Availability: The ability to clone blueprints is available to you when accessing free Blueprints that are personally owned by the publishing user
API & Admin Dashboard
*Please note - this is a paid for feature - please get in touch to activate*
1. Atlas API Architecture: The Command Centre
The API Dashboard is the command centre for managing all aspects of your Atlas API integration. . It offers real-time monitoring of usage trends, quick access to token management, and system health checks. The dashboard tracks four key metrics that ensure smooth integration performance: the number of Active Tokens, the Total Requests made in the billing period, the Success Rate of API responses , and the remaining Rate Limit for the current window.
2. Authentication & Security Model: Protecting Your Expertise
Atlas secures access to all Blueprints and data using robust API Token authentication. This system is critical because it ensures that only authorised applications can interact with your organisation's intellectual property. When a paying customer creates a token, they configure it with specific permissions, scopes, and quotas. .
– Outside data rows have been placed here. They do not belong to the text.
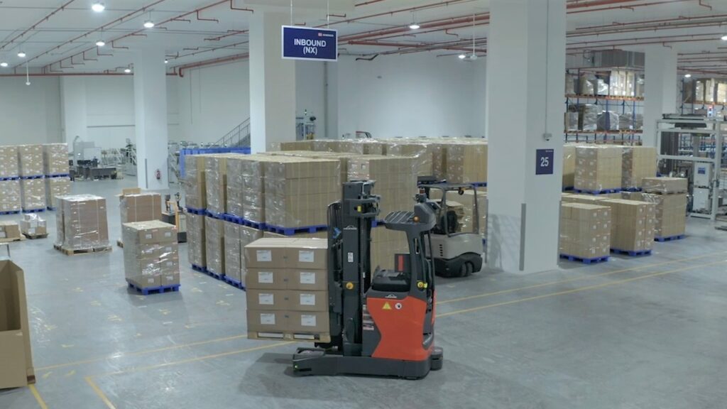 Incoming freight is processed through a ball deck, which increases speed and eases handling. Pallet lifters then move freight to the automated warehouse with Very Narrow Aisles (VNA) to optimize capacity. The multi-shuttle and carton live storage systems are complemented by Goods-to-Person (GTP) and Pick-To-Light technologies, conveyor systems, and Automated Guided Vehicles (AGVs).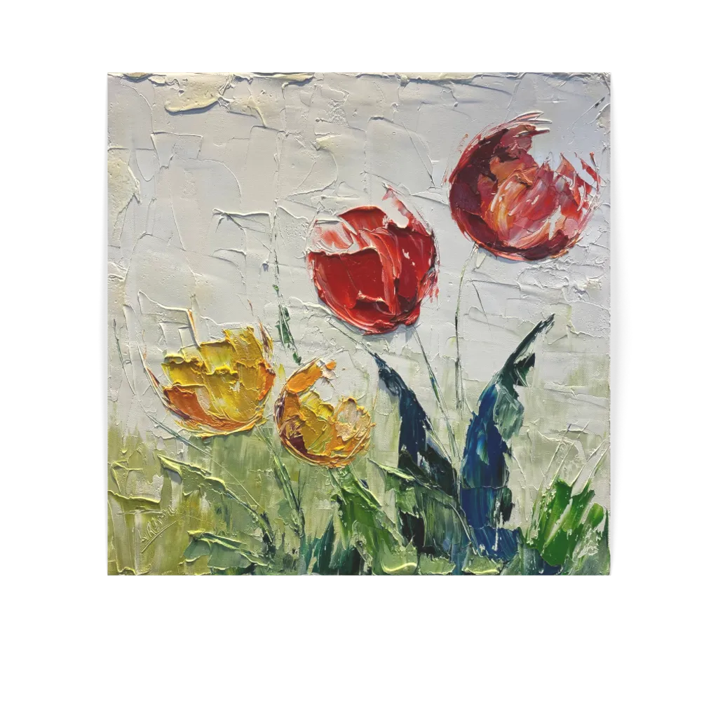 This unique and original contemporary artwork "ORANGE AND RED TULIP" was created by contemporary artist Laura Rose. The artist used the oil technique to create this large format painting on canvas in the figurative style.
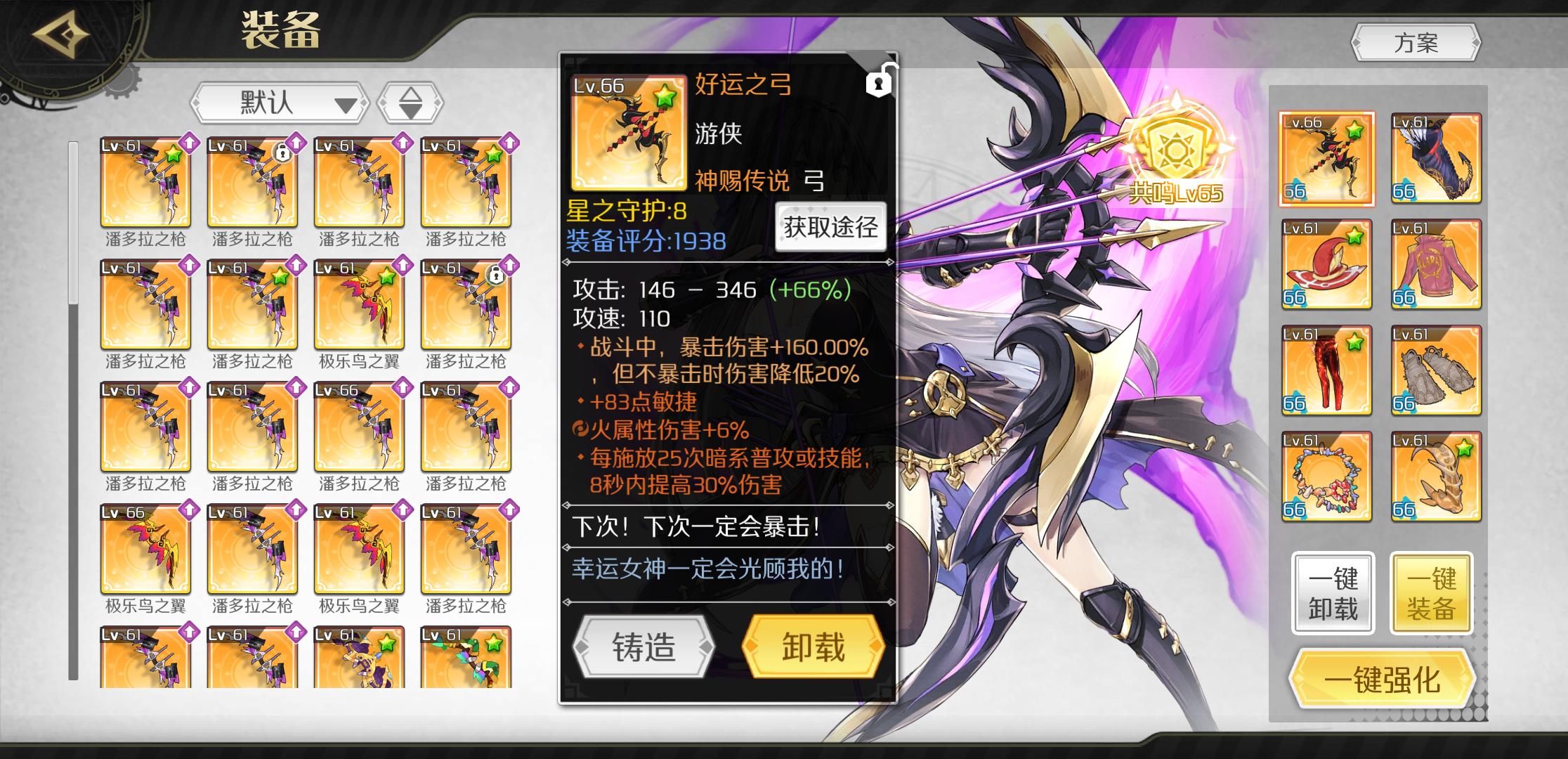 总结:好运弓加的是暴击伤害,不是直接加伤害属实弟弟,潘弓强还是首选,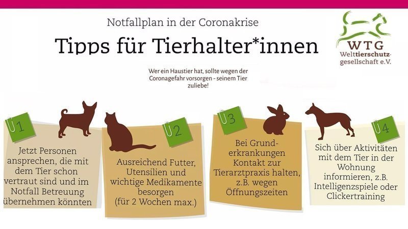 So stellt sich Tierfreund*innen und insbesondere -halter*innen jetzt erneut die wichtige Frage: Wer kümmert sich um Euer Tier, falls Ihr Euch in präventive Isolation oder krankheitsbedingte Quarantäne begeben müsst?

3. Understanding Token Types and Scope: Defining Access
The type and scope assigned to a token precisely define who can access what within the platform.
Internal Tokens are strictly scoped to internal operations, intended for systems and scripts that will remain within your organisation's boundary for tasks like internal process automation.
External Tokens are for external clients to access public endpoints. They are designed to be used in client applications where the token might be distributed or exposed outside the organisation.
4. The Admin Dashboard: Centralised Control and Management
The Admin Dashboard provides all the tools necessary for an organisation to manage its platform access, finances, and user permissions from a single location.
These are the key administrative areas available to paid customers:
User & Role Management: Control who has access to your organisation's resources and define specific roles and permissions.
Billing & Quota Management: Maintain full transparency over the platform's cost-per-use model, manage billing, and configure spending limits or quotas.
Organisation Settings: Configure high-level organisational parameters to ensure the platform operates within your company's guidelines.